I pray that I would have the gift to drive away the hunger of the spirit, just as so many others have done. It is not my aim to be remembered, but only that my life has achieved its own apex.
I have survived because of what others have made possible, for the many small deaths and sacrifices others have made for my sake. So, then, must I learn to die to myself and thus live forever.
In this light of the moon, I slip back into my own being and hope that what I have realized becomes a truth in action tomorrow.
The light and the glare of everyday life often drowns out in its din the silence of self-knowing. Will my hands allow me to be a gift in another person's life?
Dear friends, let us love one another, for love comes from God. Everyone who loves has been born of God and knows God. Whoever does not love does not know God, because God is love.
This is how God showed His love among us : He sent His one and only Son into the world that we might live through Him. This is love, not that we loved God, but that He loved us and sent His Son as an atoning sacrifice our sins.

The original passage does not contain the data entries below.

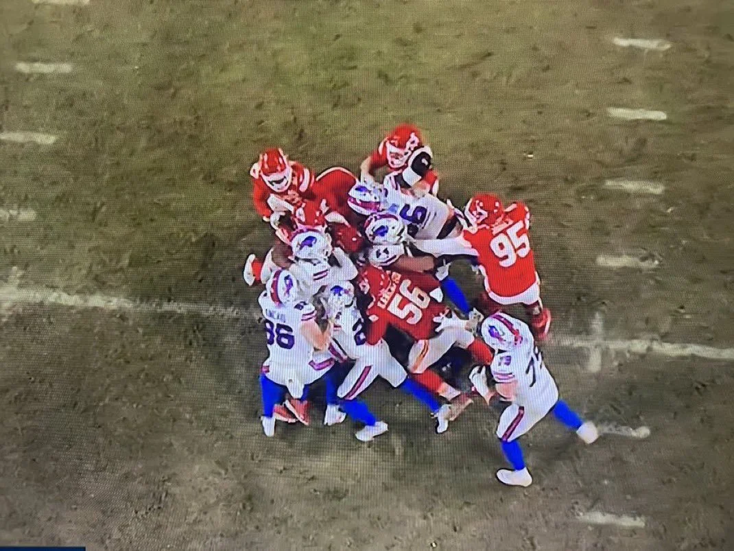 The refs went into a video review, and the call stood (meaning they had no evidence to confirm or overturn the initial ruling). But in the picture to the right, Allen, the player in the middle of the pile, is clearly over the 40-yard line, where the first down markers were. The refs gave the Chiefs the ball, and they ended up scoring on that drive to put them up 29-22. The Chiefs should never have gotten the ball in the first place, and Buffalo, who was at the Kansas City 40, was just a play or two away from being in field goal range at least. If Buffalo had gotten a field goal on that drive, and everything else stayed the same, the score would have been 32-32 at the end of regulation. Who knows what could have happened in overtime?
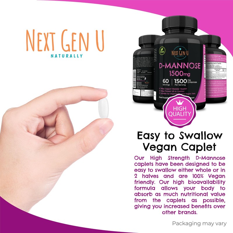 Next Gen U D Mannose - 1500 mg - Health Food & Dietary Supplement - 120 Vegan Caplets - May Help Support a Healthy Urinary Tract & Bladder - by NextGenU
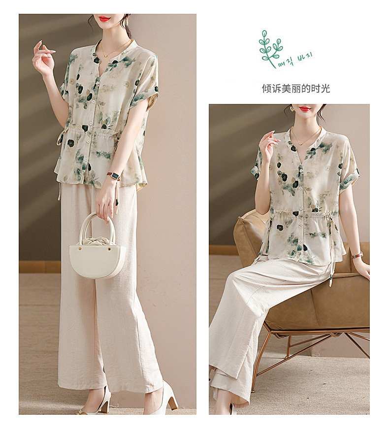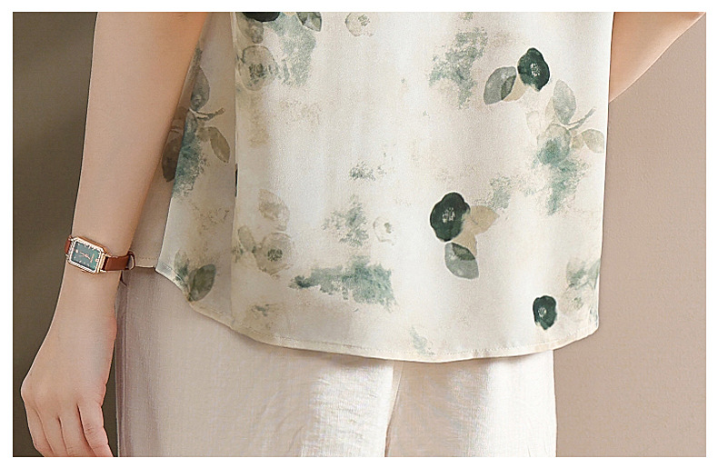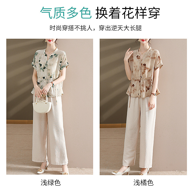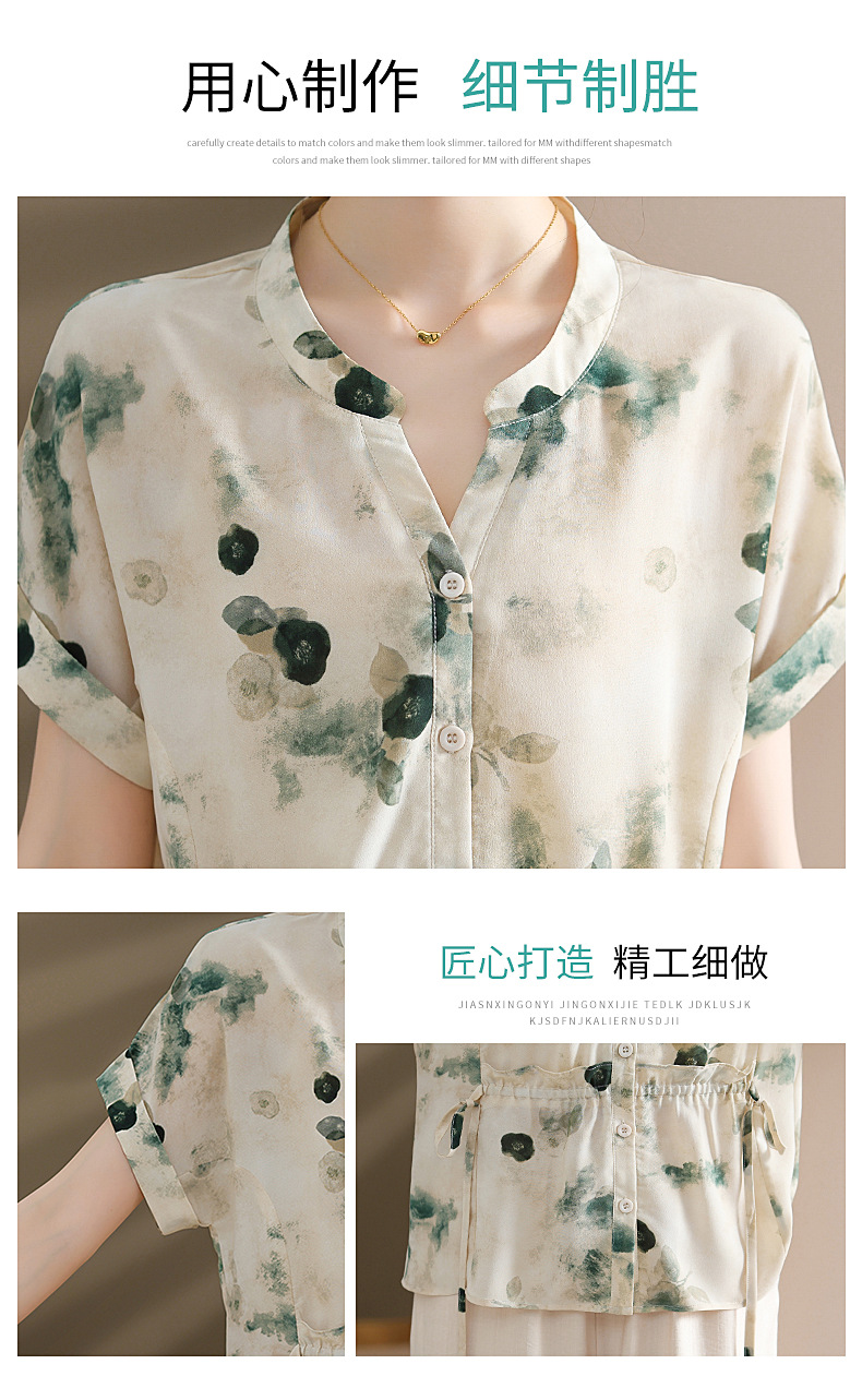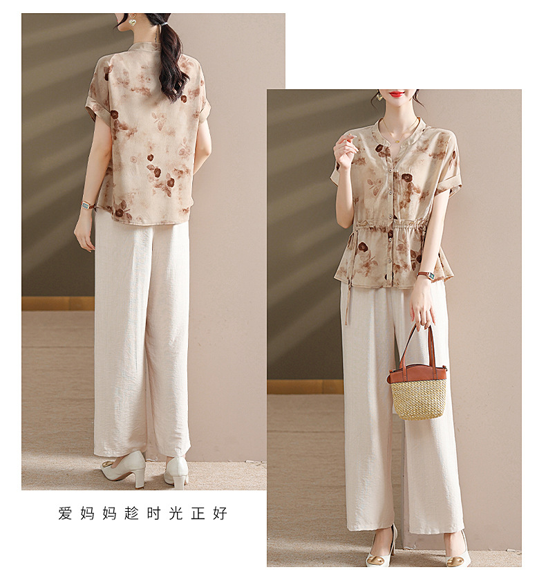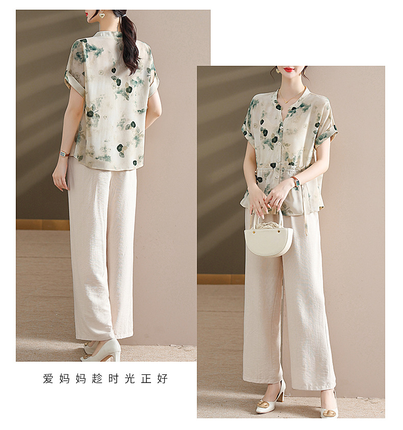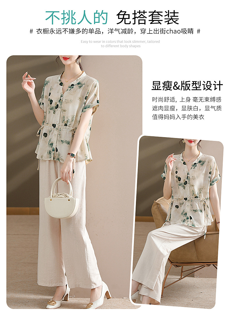 俏雅莹中老年女装两件套夏季新款衬衫印花气质透气妈妈装大码套装
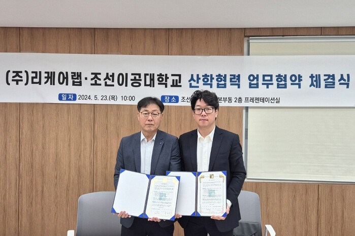 간병인 매칭 플랫폼 기업인 ㈜리케어랩이 지난 23일 조선이공대학교와 해외 간병인 양성을 위한 양해각서(MOU)를 체결했다.
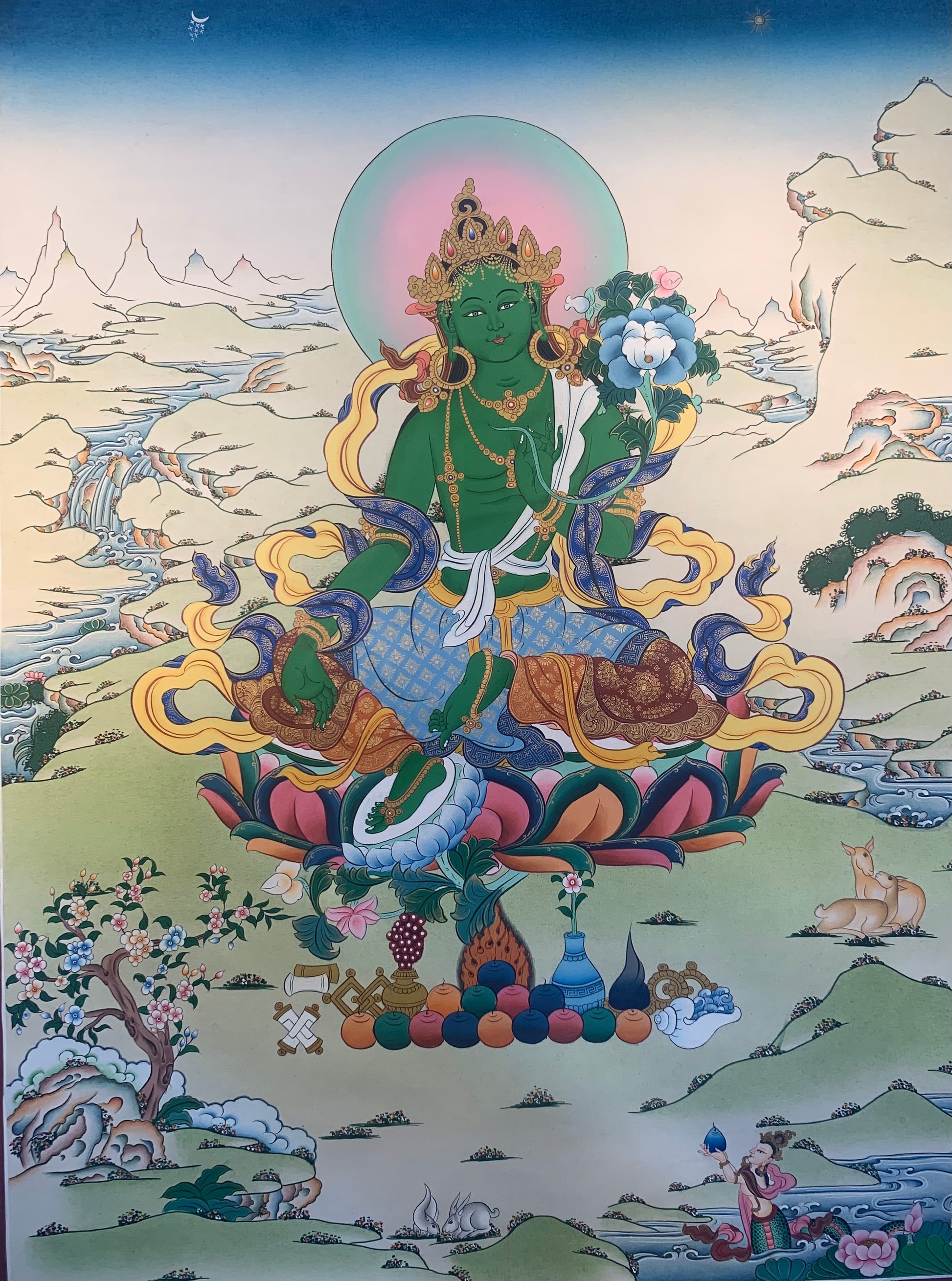 This beautiful hand painted Tibetan thangka painting depicts Green Tara སྒྲོལ་ལྗང་. Green Tara is regarded as the mother of all Bodhisattvas, a lover of all sentient beings. She is associated with enlightened activity, helping people pass beyond earthly existence. Green Tara grants refuge from all things which may obstruct, or cause trouble. She also embodies many qualities of the ‘feminine’, known as the mother of mercy and compassion, giving relief from bad karma.
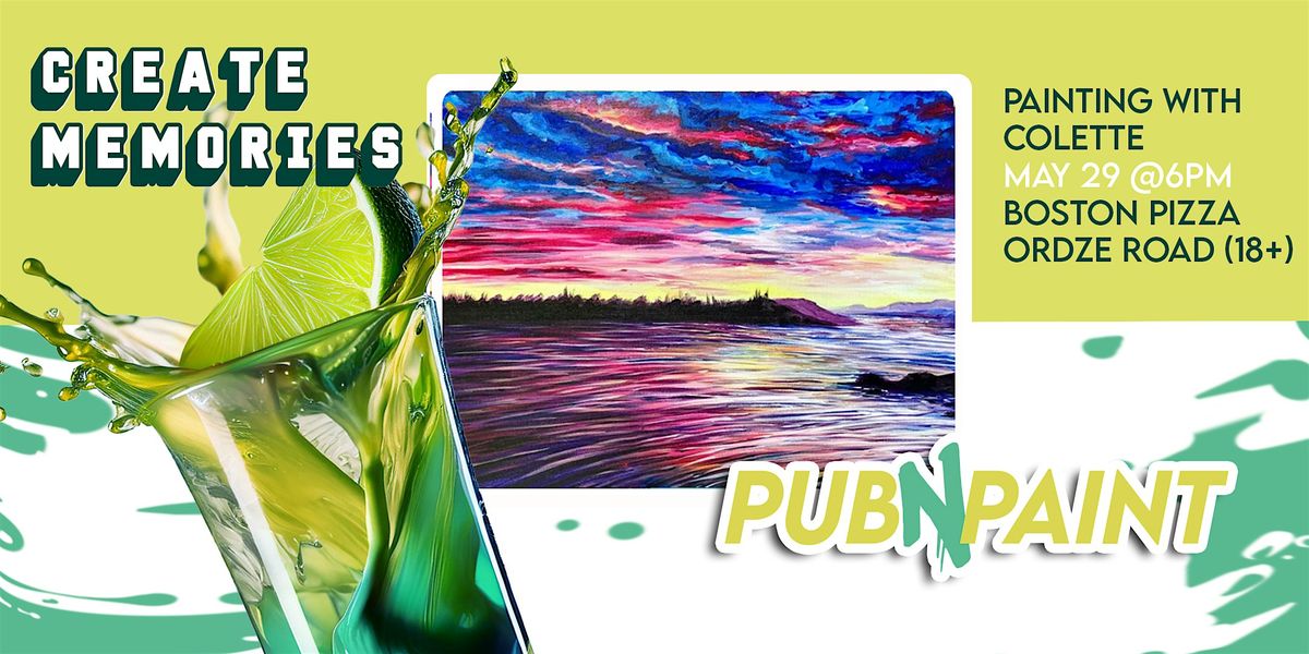 Welcome to Pub N Paint, at Boston Pizza Ordze Rd a Come follow along with our artist’s step-by-step instructions to paint your own masterpiece while sipping and munching away to your hearts content! This event is an inclusive, fun, lighthearted atmosphere to create art in good company. All supplies are included, just bring yourself and be ready to have a good time!
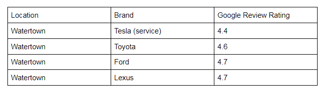 Tesla Google Review Ratings vs. Competitors
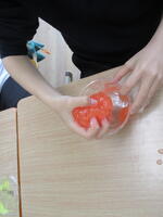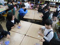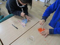 3年生では、下山先生の指導のもと、お楽しみ実験でスライムづくりをしました。
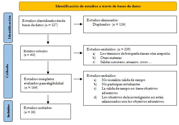 El proceso de selección de artículos se resume en el diagrama de la Figura 1, adaptado de la guía PRISMA para la revisión sistemática de trabajos (BMJ 2021). Primeramente, se buscaron artículos que abordaran las salidas de campo en una selección de cinco revistas estatales y cinco internacionales entre las más relevantes del área de Didáctica de las Ciencias (Tabla 1). De ellas dos son específicas de Didáctica de la Geología.
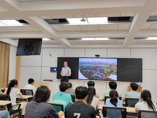 在互动答疑环节,学生就相关课程内容、海外学习生活适应等方面进行了提问和交流。环节最后,“2+2学分互认双学位联合培养项目”的学生表演了“用英语讲好中国故事”的主题演讲,展现了一定程度的跨文化沟通素养。
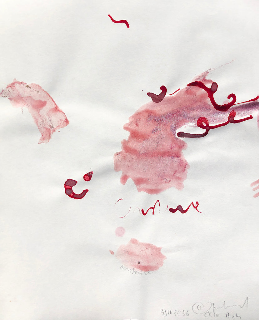 ...During the PRESENCE PAINTING performance, James always makes a series of small drawings on paper with the still fresh paint from the MATRIX presence painting (200x170cm), here "PP36 - The girl next door"
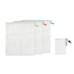 VEGGIE SET RPET on 3 taaskasutatud PET-materjalist võrkkoti komplekt RPET kotikeses, sublimatsiooni trükivõimalusega
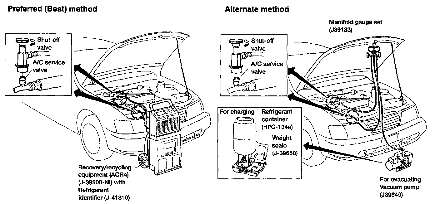 WARNING: Avoid breathing A/C refrigerant and lubricant vapor or mist. Exposure may irritate eyes, nose and throat. Remove R-134a from the A/C system using certified service equipment meeting requirements of SAE J2210 (R-134a recycling equipment) or J2209 (R-134a recovery equipment). If accidental system discharge occurs, ventilate work area before resuming service. Additional health and safety information may be obtained from refrigerant and lubricant manufacturers.

Since God has so loved us, we also ought to love one another. No one has ever seen God; but if we love one another, God lives in us and His love is made complete in us.
God is love. Whoever lives in love, lives in God, and God in him. We love because God first loved us. If anyone says, "I love God", yet hates his brother, he is a liar. For anyone who does not love his brother, who he has seen, cannot love God, whom he has not seen. Christ has given us this command : Whoever loves God must also love his brother.
I John 3:7-12, 16b, 19-21
With thanks to Gerry Lumitao, who took this picture (I did some enhancements).
n.b. I actually wrote this last night but just posted it today.